WHAT IS REQUIRED » Working from the top of the listing below, retype each line through the line containing "This bright conservatory", both included, with no pictures.

──────── ENTRIES SHOWN ────────

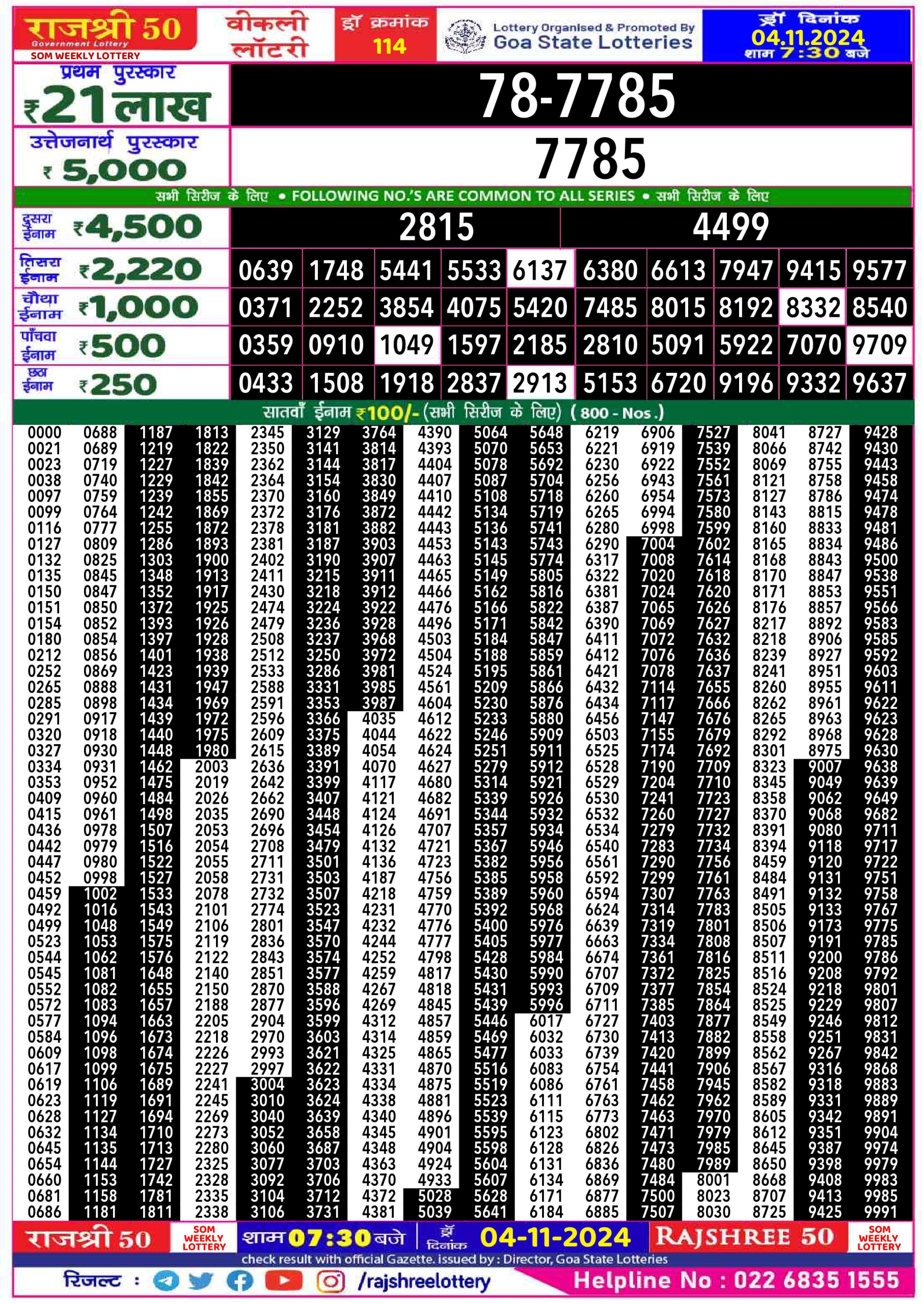 Rajshree 50  Lottery 7:30PM Result 4.11.24
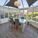 This bright conservatory extends the living space with ample windows on all sides, bathing the room in natural daylight. It has a clean, fresh feel with light-coloured walls and dark wood-effect flooring. The white dining table and grey high-backed chairs make this an ideal setting for casual dining or afternoon tea while enjoying views of the garden. Double doors lead out to the outside, enhancing the flow between indoors and outdoors.
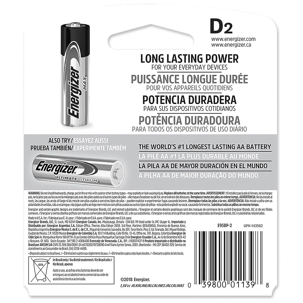 Product Description Energizer MAX D Batteries D Cell Alkaline Lithium General Purpose Batteries 2 Count (Pack Of 6) Energizer MAX D Alkaline Batteries. Energizer provides long lasting power for your everyday devices, whether you need replacement D cell batteries for high-tech flashlights, radios or children's toys. Made to last, not to leak, these Energizer D batteries have a shelf life of up to 10 years, so they're ready to keep your devices operating when you need them most. Each battery pack contains D batteries to keep your supply of backup batteries well stocked. Depend on Energizer MAX D batteries to fuel your everyday electronics, whether you're at home, work or play. Long-lasting power and innovation is what the Energizer MAX family is all about – up to 10-year shelf life for D batteries. Plus, Power Seal Technology is the Energizer innovation that delivers energy you can rely on. Energizer MAX Alkaline Batteries, D, 2 Batteries/Pack Dependable, long-lasting performance in a wide range of devices. Makers of the world's first zero mercury AA alkaline (commercially available since 1991); battery can be disposed with regular household trash. 10-year shelf life. Battery Type: Alkaline; Battery Size: D; Voltage: 1.5 V; Material(s): Alkaline Manganese Dioxide. Long-life alkaline From the Manufacturer Made in U.S.A. 2 pack of Energizer MAX D Batteries, Batteries D Size These alkaline D batteries provide long lasting power for your everyday devices The power you depend on for high-tech D battery flashlights, radios, toys and other high-drain devices MAX D alkaline batteries that hold power for up to 10 years in storage Energizer MAX D batteries are made to last. Not to leak Feel confident knowing you have the long-lasting power and protection you expect from Energizer MAX D battery pack that holds power for up to 10 years in storage D Alkaline batteries that are made to last. Not to leak. Also available in AAA batteries, AA batteries, C batteries and 9V batteries Alkaline batteries provide a long-lasting power source Use in calculators, Pencil sharpeners, cameras, flashlights and more Package Dimension : 3.4 centimeters L x 9.3 centimeters W x 13.0 centimeters H Country of Origin: UNITED STATES
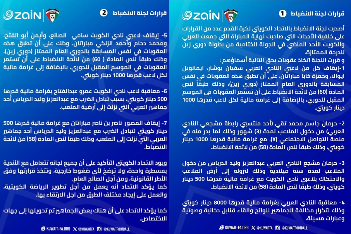 حرمان جاسم محمد تقي (من رابطة مشجعي النادي العربي) من دخول الملاعب لمدة 3 أشهر بسبب إساءات على منصة «X»، مع غرامة «1000 دينار كويتي»، وفق «المادة 58» من اللائحة.
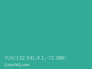 YUV 132.541,9.1,-72.388 Color is a normal cyan color and the nearest color is Keppel #3ab09e. Hex code #32ab97 and RGB value is rgb(50,171,151). In RGB color space, this color is composed of 20% red, 67% green, 59% blue, In CMYK color space, this color is composed of 71% cyan, 0% magenta, 12% yellow , 33% black , In HSL color space, this color has a hue angle of 170° , 55% saturation and 43% lightness.
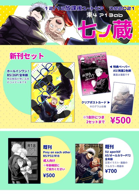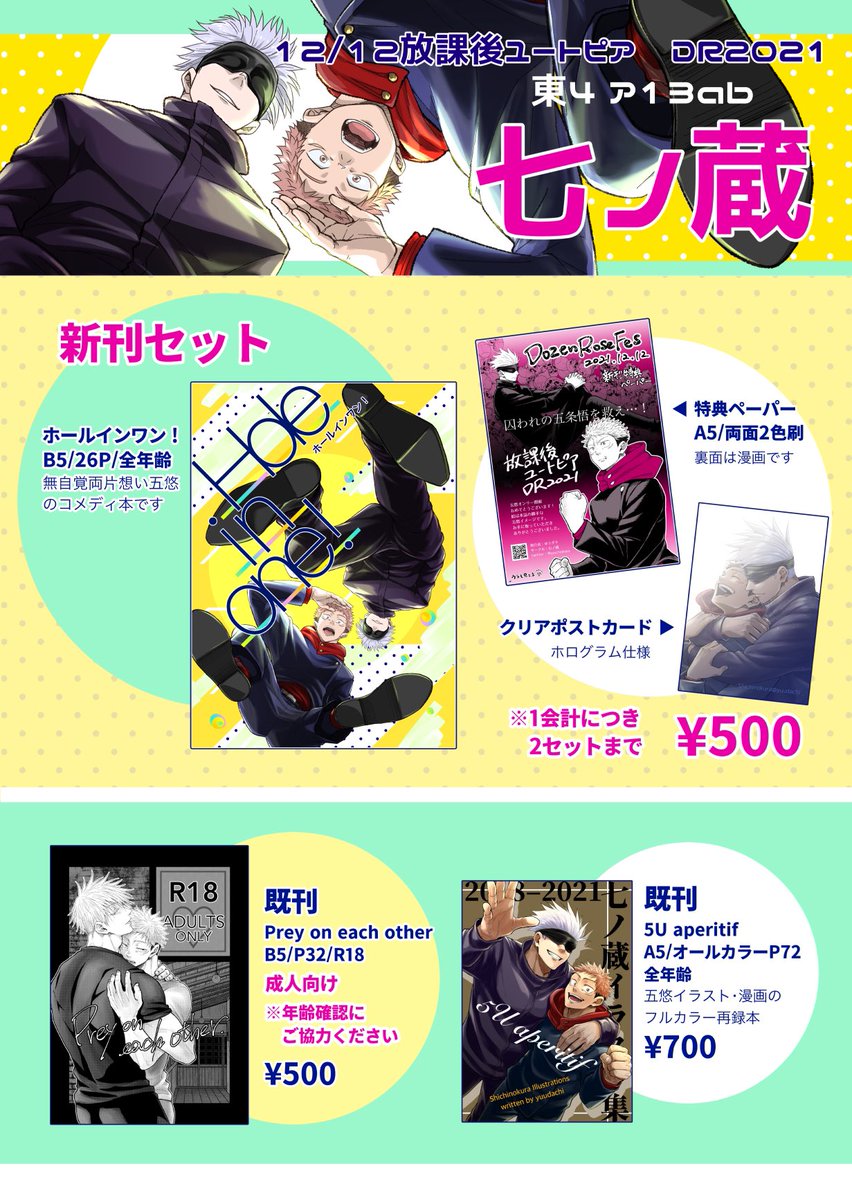 52 483 12/12 放課後ユートピア DR2021 お品書きです☺️ 新刊に付くペーパーとクリアポストカードは会場限定になります よろしくお願いします🌸 21/12/05 01:51
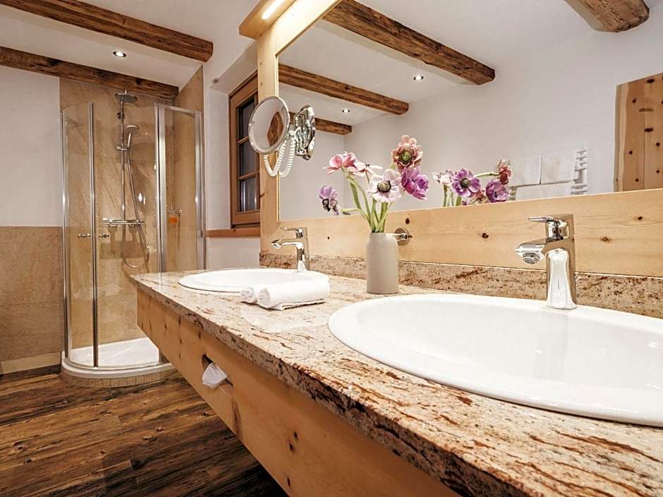 Spacious, south-facing suite with a balcony or terrace overlooking the mountains, natural wooden floors, a bedroom with a king-size bed, a living room with satellite TV and a tiled stove, a bathroom with natural daylight, and a separate toilet. The suite is furnished with wood from the 16th century.
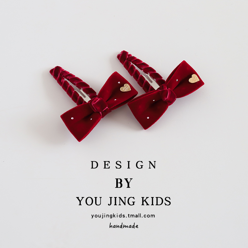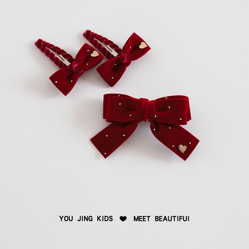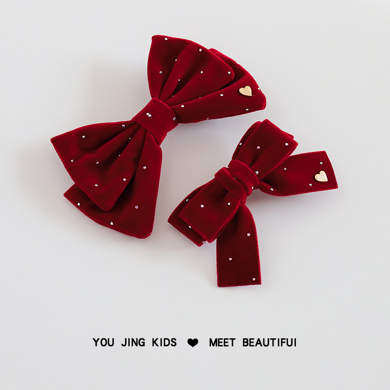 儿童红色丝绒发夹女童蝴蝶结新年头饰女孩节日过年发卡刘海夹发饰

────────

THE COMPLETED TASK »
 Rajshree 50  Lottery 7:30PM Result 4.11.24
 This bright conservatory extends the living space with ample windows on all sides, bathing the room in natural daylight. It has a clean, fresh feel with light-coloured walls and dark wood-effect flooring. The white dining table and grey high-backed chairs make this an ideal setting for casual dining or afternoon tea while enjoying views of the garden. Double doors lead out to the outside, enhancing the flow between indoors and outdoors.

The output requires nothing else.